Please note that around 2014, the samtools code base went through a restructuring in order to expose more of its intermediate steps, the result of which was the HTS library. Many other tools which use samtools do not use this so the default version of samtools on the marvin cluster is 0.1.19 which is in fact the older generation of samtools code.

Version 0.1.19

This consists of the following tools

  • ace2sam
  • bamcheck
  • maq2sam-long
  • maq2sam-short
  • md5fa
  • md5sum-lite
  • samtools
  • wgsim
  • tabix
  • bgzip
  • bcftools
  • vcfutils.pl

General Tips

  1. samtools commands follow the subcommand style: i.e. they always start with a "samtools" followed by subcommand (eg. "sort", "view", etc) which identify the exact operation samtools will perform. This is due to the fact that samtools is a suite of tools for handling alignment files in sam/bam format.
  2. Two input files will commonly be needed, often a sam/bam file and also the reference file.
  3. view is the commonly used subcommand, which itself has a number of extra option and the name however might refer to internal viewing, because external user visuals is not samtools strong point, though it has some capabilities in this regard ("tview").
  4. Beware the three broad versions of samtools. Those beginning with major version number 0, as in 0.1.19 are the old samtools. Those beginning with major version number 1, as in 1.2, were the new generation, whose internal structre changed though the subcommands were similar. Finally the 1.3 version introduced a wider range of functions. In many ways this third version should have been major version number 2, but that didn't happen.

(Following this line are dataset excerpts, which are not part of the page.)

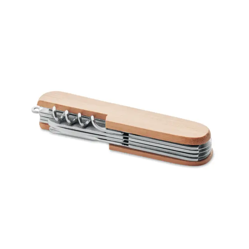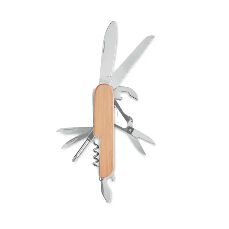„Бамбио“ е стилно и практично джобно ножче с 9 функции, изработено от висококачествена неръждаема стомана и елегантен калъф от естествен бамбук. Компактният му размер и лек дизайн го правят удобен за носене в джоб или раница, а разнообразните му приложения – идеален спътник за къмпинг, пътувания или ежедневни ситуации. Естественият бамбук придава уникален характер на всеки артикул, като са възможни леки вариации в цвета и размера.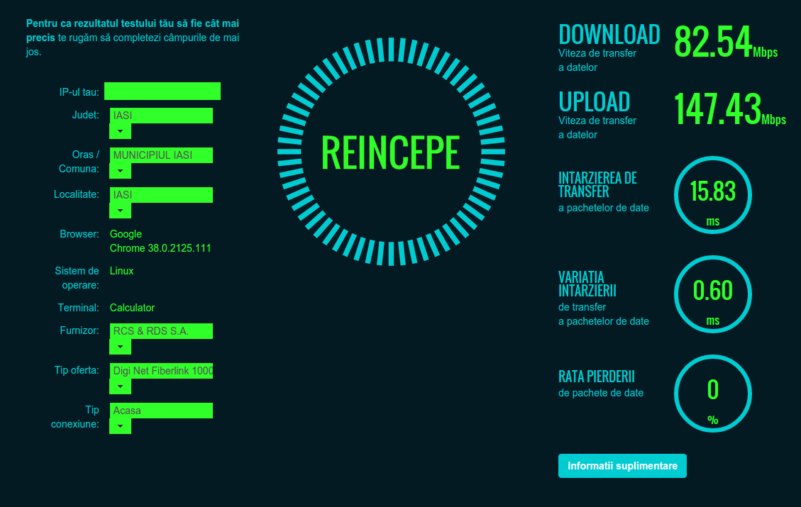 Eu am Fiberlink 1000 de la RCS & RDS, dar sistemul desktop pe care îl folosesc nu permite atingerea vitezei maxime de download oferită, adică 1000 Mbps. Aşa că, în reţeaua RDS prind cam 500-600-700 Mbps, iar în alte reţele se vede mai jos (82,54 Mbps, adică 10,3 MB/sec, ceea ce nu e rău, în condiţiile în care aveam deschisă şi interfaţa Google Play Music unde încărcam jdemii de melodii în cont 🙂 ):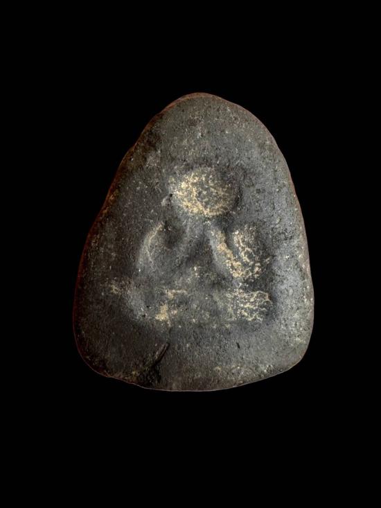 องค์นี้มีผิวจัดธรรมชาติทั้งองค์ เนื้อพระออกดำสนิทแทรกผงมวลสารละเอียดทั่วผิว ด้านหน้ามีโรยผงทองเก่าตามธรรมชาติ ให้ความรู้สึกขลังแบบพระยุคต้น ผิวด้านหลังมีความแห้งเก่าและผิวร่อนเล็กน้อยตามกาลเวลา พิมพ์ทรงปิดตาโบราณ องค์พระนั่งขัดสมาธิ มือปิดหน้า ชัดตามแบบฉบับเก่า มีเสน่ห์และมิติตามธรรมชาติของพระเนื้อผงยุคต้น เหมาะสำหรับสายสะสมหรือท่านที่ชอบความคลาสสิกของพระปิดตาเก่าเดิม (เคาะเดียวแดง) |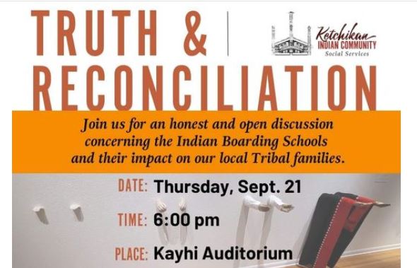 Ketchikan Indian Community is hosting a discussion and sharing session “Truth and Reconciliation” September 21 at 6 p.m. in the Kayhi Auditorium. Riley Boss and Ahl’lidaaw Gitnack’angeak give details.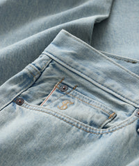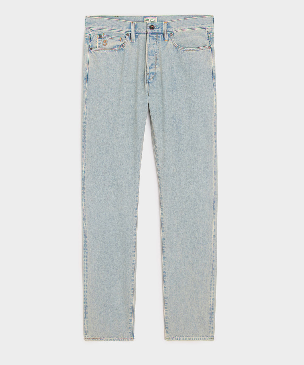 Our Selvedge jeans are 100% cotton (and 100% classic), loaded with quality, vintage-inspired details, including a shank button fly and oxidized rivets. There are also genuine selvedge outseams; when you turn up your cuff, you’ll spot that giveaway red ticking at the edge. Our Slim Fit is trim (but not tight) at the top and tailored through the thigh, tapering at the ankle. This Light Wash is a bright indigo with a subtle green cast for a vintage look and feel.
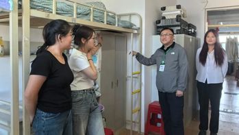 为全面了解2025级新生入学后的思想动态与生活适应状况,切实体现学院对新生的关怀,9月6日晚,学院领导班子分组带领辅导员和班主任深入新生宿舍,开展查寝慰问活动。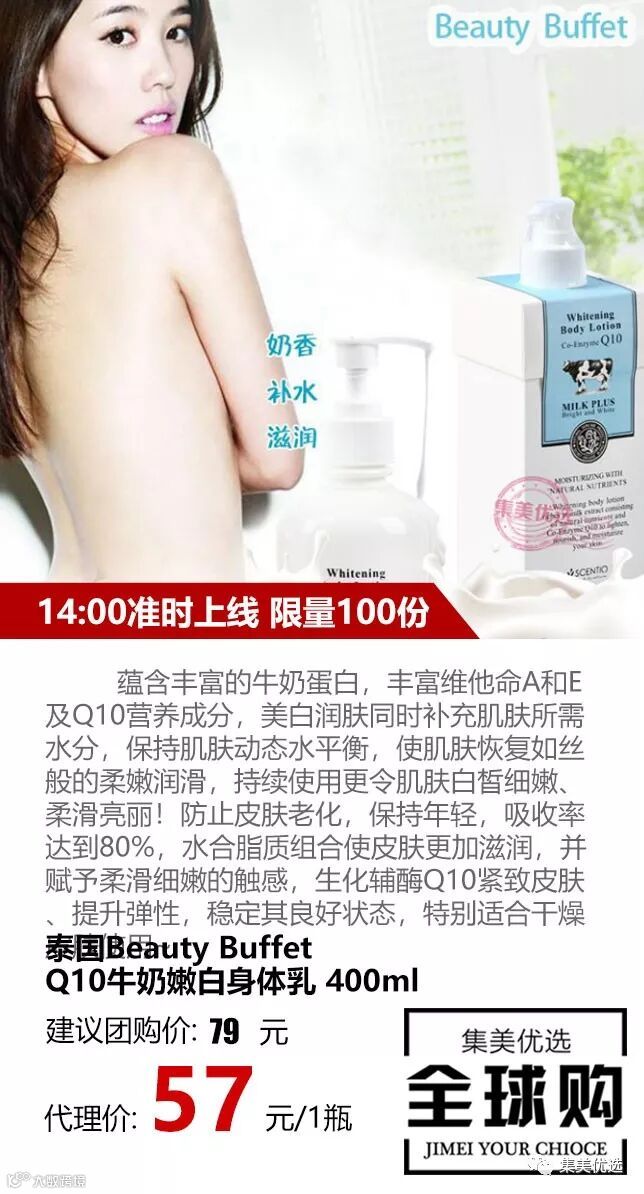 泰国Beauty Buffet Q10牛奶嫩白身体乳 400ml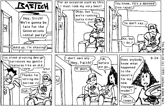 This strip is a bit of a time capsule for what was happening in my corner of Trek fandom at the time. The VHS of Star Trek: Generations had just been released to rental markets, and Star Trek: Voyager was still the hot new Trek series (premiering January 16, 1995). I don't remember having a Generations watch party, but it was clearly on my mind (even though I was disappointed by the film itself when I first saw it on the big screen).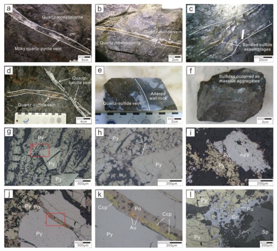 Typical alteration and mineralization in the Sanakham gold deposit (d–i are reflected light images). (a), Milky quartz–pyrite vein in quartz monzodiorite; (b), quartz–sulfide vein in quartz monzodiorite; (c), banded sulfide assemblages; (d), quartz—calcite vein crosscut quartz—sulfide vein; (e), coexistence of sulfides and quartz in hand sample; (f), sulfides occurred as massive aggregates; (g,h), stage I euhedral to subhedral coarse-grained pyrite and stage II subhedral to anhedral fine-grained pyrite and pyrrhotite; (i), stage II pyrite and pyrrhotite occurred around stage I arsenopyrite; (j,k), native gold coexisting with pyrrhotite or chalcopyrite that fills in fractures of pyrite; (l), sulfide aggregations in stage III. Apy, arsenopyrite; Au, native gold; Ccp, chalcopyrite; Gn, galena; Po, pyrrhotite; Py, pyrite.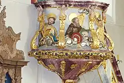 Die Kanzel zeigt die Kirchenlehrer und in der Mitte Papst Gregor I., den heiliggesprochenen Kirchenvater.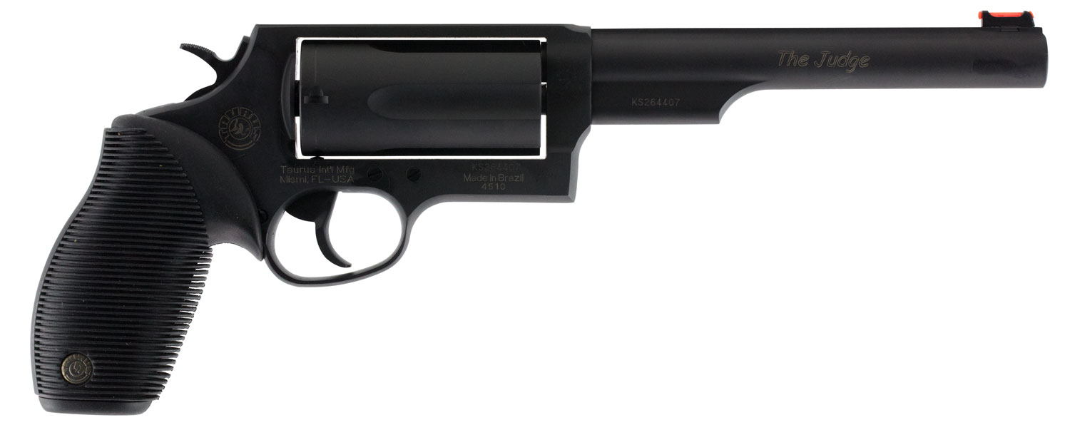 The Taurus Judge Magnum is capable of chambering both .410 gauge 2.5 or 3 shotshells and 45 Colt ammunition. This amazing combo is ideal for short distances where most altercations occur or longer distances with the 45 Colt ammo. Taurus has finely tuned the rifling to spread the shot pattern at close quarters or to guide the .45 caliber bullet to the target. This model has a 6.5 barrel with a fiber optic front sight and fixed rear. It has a matte black metal finish and a black Ribber grip.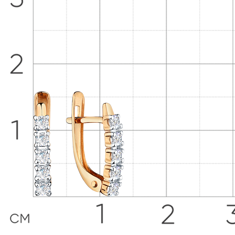 Элегантные серьги выполнены в сочетании красного и белого золота 585 пробы, украшенные дорожками ярких фианитов

old samtools vs. new samtools

Here is a list of the old version 0 samtools commands with examples:

samtools view -bt ref_list.txt -o aln.bam aln.sam.gz
samtools sort aln.bam aln.sorted
samtools index aln.sorted.bam
samtools idxstats aln.sorted.bam
samtools merge out.bam in1.bam in2.bam in3.bam
samtools faidx ref.fasta
samtools pileup -vcf ref.fasta aln.sorted.bam
samtools mpileup -C50 -gf ref.fasta -r chr3:1,000-2,000 in1.bam in2.bam
samtools tview aln.sorted.bam ref.fasta
bcftools index in.bcf

Here is a list of those available in the third generation version 1.3, together with examples:

samtools view -bt ref_list.txt -o aln.bam aln.sam.gz
samtools sort -T /tmp/aln.sorted -o aln.sorted.bam aln.bam
samtools index aln.sorted.bam
samtools idxstats aln.sorted.bam
samtools flagstat aln.sorted.bam
samtools stats aln.sorted.bam
samtools bedcov aln.sorted.bam
samtools depth aln.sorted.bam
samtools view aln.sorted.bam chr2:20,100,000-20,200,000
samtools merge out.bam in1.bam in2.bam in3.bam
samtools faidx ref.fasta
samtools tview aln.sorted.bam ref.fasta
samtools split merged.bam
samtools quickcheck in1.bam in2.cram
samtools dict -a GRCh38 -s "Homo sapiens" ref.fasta
samtools fixmate in.namesorted.sam out.bam
samtools mpileup -C50 -gf ref.fasta -r chr3:1,000-2,000 in1.bam in2.bam
samtools flags PAIRED,UNMAP,MUNMAP
samtools fastq input.bam > output.fastq
samtools fasta input.bam > output.fasta
samtools addreplacerg -r 'ID:fish' -r 'LB:1334' -r 'SM:alpha' -o output.bam input.bam
samtools collate aln.sorted.bam aln.name_collated.bam
samtools depad input.bam

Common commands

A bam file is the compressed binary version of a sam file. It exists purely for efficiency purposes and contains the same information. Because it is not human-readable, converting out of, but also back into bam, is very frequent activity. It is done via the view subcommand in the following canonical way of converting from sam to bam, and it needs to be redirected into bam filename:

samtools view -S -h -b input_sam_filename > your_chosen_bam_filename

Explanation:

  • -S, this says the input is SAM, though in the latest versions of samtools this is the default and so may be left out. From the manual: "-S: Ignored for compatibility with previous samtools versions. Previously this option was required if input was in SAM format, but now the correct format is automatically detected by examining the first few characters of input." However it's best to keep it as one can never be too sure of which version of samtools is running.
  • -b, refers to the output being BAM.
  • -o, does not refer to "output name" like it usually might, it refers to STDOUT. This is for piping convenience.
  • -h, is for making sure the header is passed to the bam. Without this option, the default of "noheader" is in force.
  • note that the bam extension will not be added automatically. You need to give the name plus extension after the -o switch. Note that the sort subcommand does do this however.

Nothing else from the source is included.